Quote from @Rachel Simpson:
Hi all. I am analyzing a deal that is outside my comfort zone and I am very much in my head and overthinking it. I am hoping for insight from more experienced investors.I currently invest in a class C (probably C-) area that provides fantastic cashflow but will likely not appreciate as well as other markets.
I have the opportunity to purchase a duplex (Class B neighborhood) in an area that is seeing job growth and with steady increase in both rents and real estate prices. Professionals/ hospitality workers are moving to the area as they are being priced out of the nearby tourist areas where they work. It is also near a large naval base that is going to be adding more jobs, as well. Large development of very nice single family homes being planned for in that area.

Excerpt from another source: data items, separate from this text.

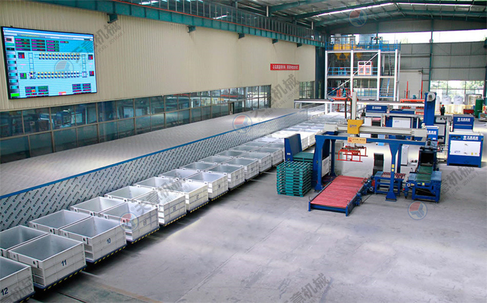 水泥發(fā)泡保溫板生產(chǎn)線是我公司順應(yīng)市場需求新研發(fā)的成套設(shè)備。該生產(chǎn)線將工藝流程劃分為攪拌系統(tǒng)、循環(huán)澆注系統(tǒng)、脫模系統(tǒng)、切割系統(tǒng)、包裝系統(tǒng)、儲存系統(tǒng)、廢料破碎回收系統(tǒng),全套生產(chǎn)線可實現(xiàn)班產(chǎn)量400—600m3,全部利用自動控制生產(chǎn)流程,所需人工9—12人,大大降低生產(chǎn)成本.
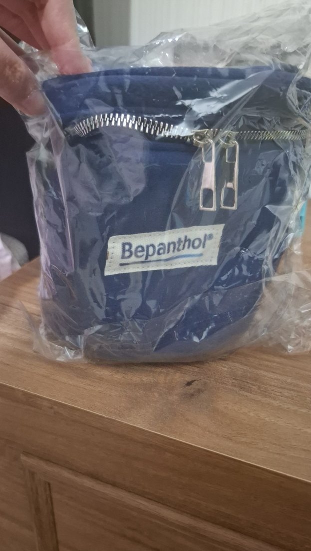 Bepanthol markalı, fermuarlı mavi kadife kumaştan makyaj çantası. ihtiyaç fazlası
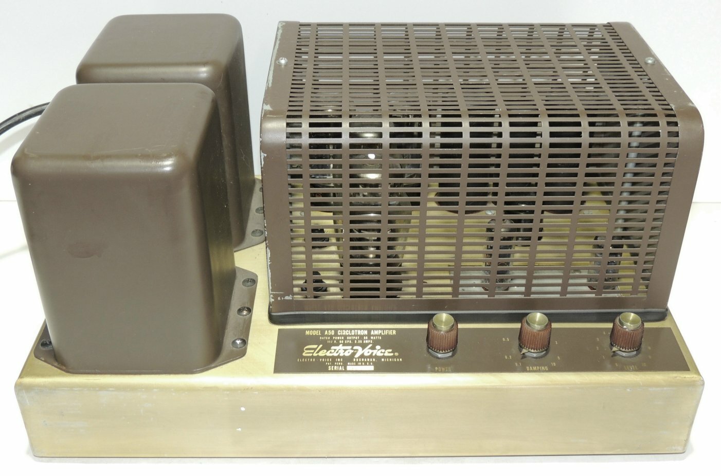 | [#15843] Electro-Voice A50 Electro-Voice A50是Electro-Voice於1955年推出的單聲道後級放大器,6550以Circlotron接駁推挽50 Watts輸出!當年Electro-Voice A50是由Alpha M. Wiggins負責設計開發,並用上了Electro-Voice著名的Circlotron輸出線路設計。當年此機屬民用後級放大器旗艦,而輸出功率緊次於Electro-Voice系內專業用的Electro-Voice A100。此機當年主要配合Electro Voice PC-1前級放大器一同使用。 ![]() |
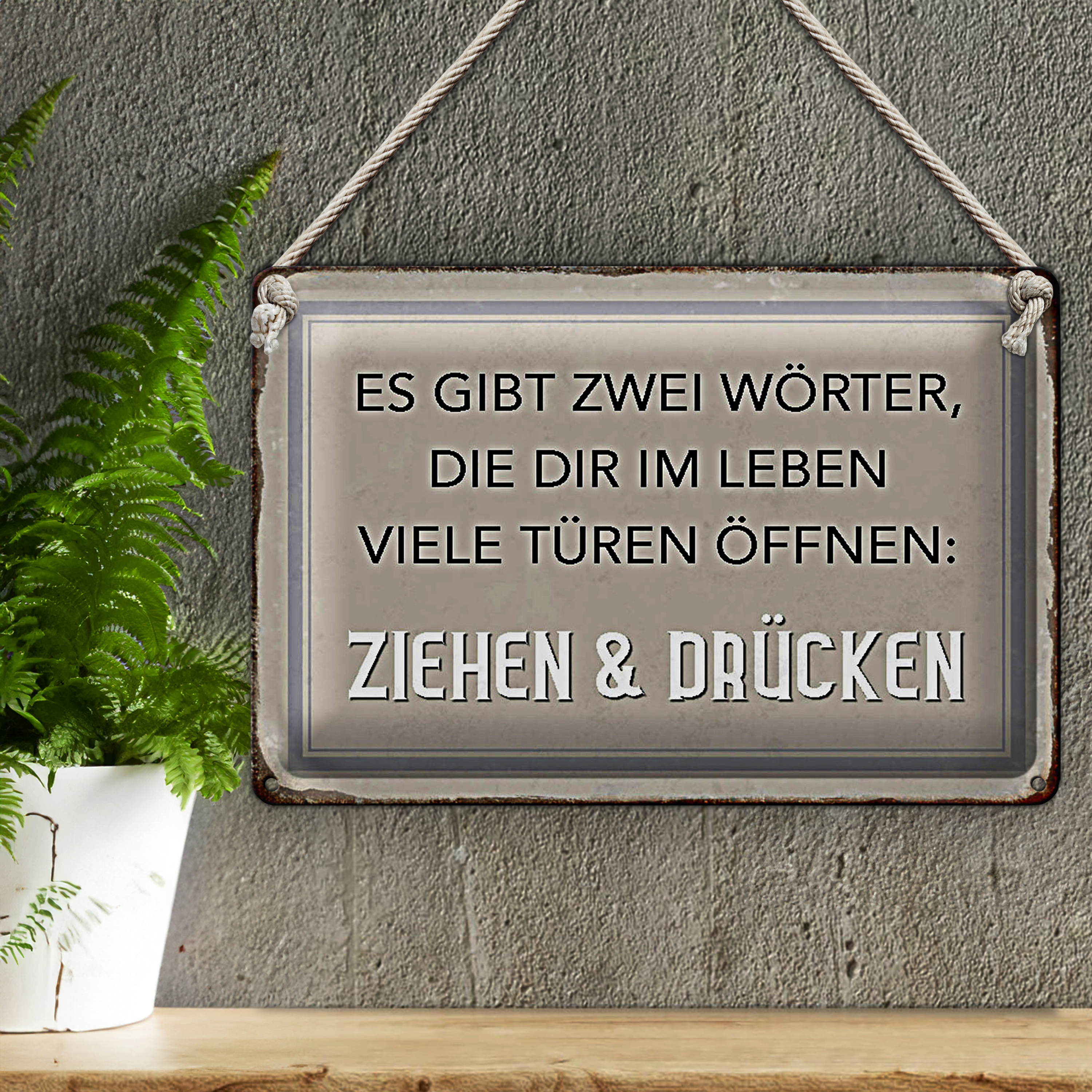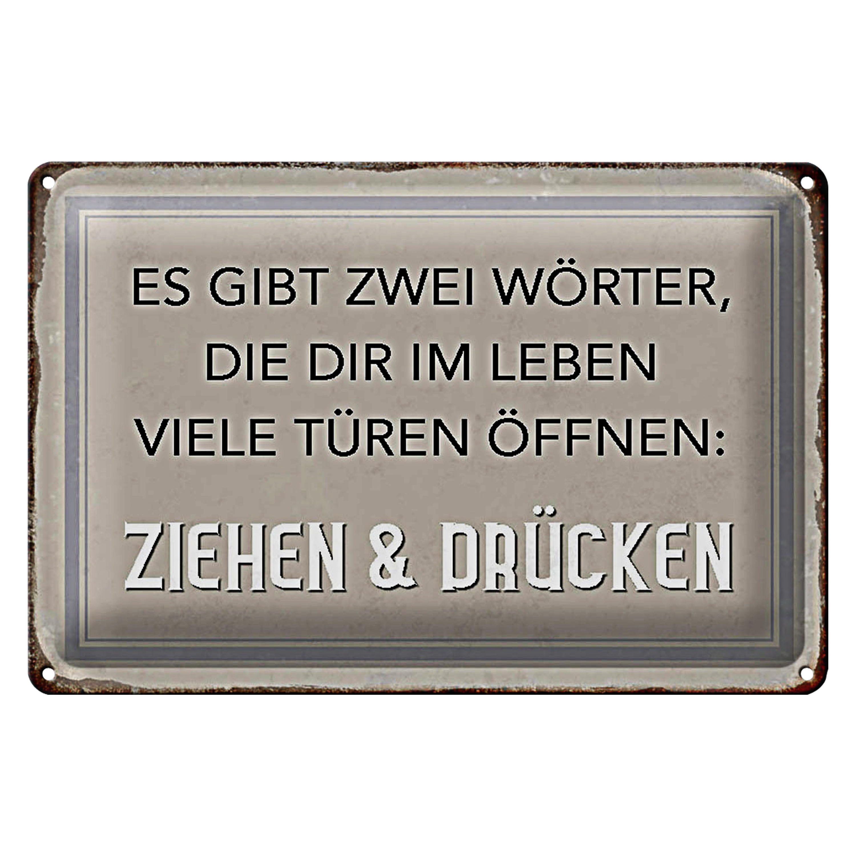Blechschild Spruch 30x20cm gibt zwei Wörter Ziehen Drücken

Here is the catch. Right now, it will cashflow MAYBE $50 a month when considering capex, maintenance, etc (Thank you, interest rates). It would be an appreciation buy, mostly. INSIGHT PLEASE! I feel like I need a property like this to balance out my doors in a less savory market.
I'll give you some actual, real life examples and #'s, which may help.
Just prior to the 2008 downturn, I exchanged a very high appreciating rental into multiple less expensive markets for a combination of appreciation and cashflow potential. I bought in 3 different markets, each with different expectations: appreciation potential, cashflow, and a moderate amount of both.
Now, I unfortunately don't still have all of them, but here is a snapshot of some actual #'s using zillow for today's values (for quick and easy valuation). I also added 2 more cashflow properties that I purchased a long while ago to show their longterm performance.
Cashflow market
1) 1997 - $80k/$700mth rent
cashflow was average, but return was high -45% CoC
avg tenant issues, not always consistent rent and rent did decrease at one point with difficulty finding tenants.
today's estimate- $170k/$1,300mth rent
2) 1997 - $71k/$750mth rent
cashflow was average, but return was good-30% CoC
avg tenant issues, not always consistent rent and rent did decrease at one point with difficulty finding tenants.
today's estimate- $170k/$1,300mth rent
3) 2007 - $165k/$1,300mth rent
Cashflow was good at first, but became intermittent due to many property issues/tenant issues, etc.
today's estimate- $275k/$2,000mth rent
Combo of cashflow/moderate appreciation potential market
1) 2006 @ $150k/$1,450mth rent
cashflow avg, good property, minimal tenant/property issues
today's estimate- $355k/$2,200mth rent
2) 2007 @ $181k/$1,795mth rent
cashflow avg, good property, minimal tenant/property issues
today's estimate- $400k/$2,500mth rent
Potential Appreciation Market
1) 2006 @ $110k/$995mth rent
cashflowed minimally with larger down payment
Today's estimate = $500k / $2,500mth rent
2) 2006 @ $165k/$1,000mth rent
cashflowed minimally with larger down payment
Today's estimate- $540k/$2,200mth rent
So, basically, the question is, after some time, which properties would you want to own? I know, it isn't that simple and there is more that goes into it, but me, personally, I would've rather had more in the appreciation potential markets and wish I woud've kept more of what I had.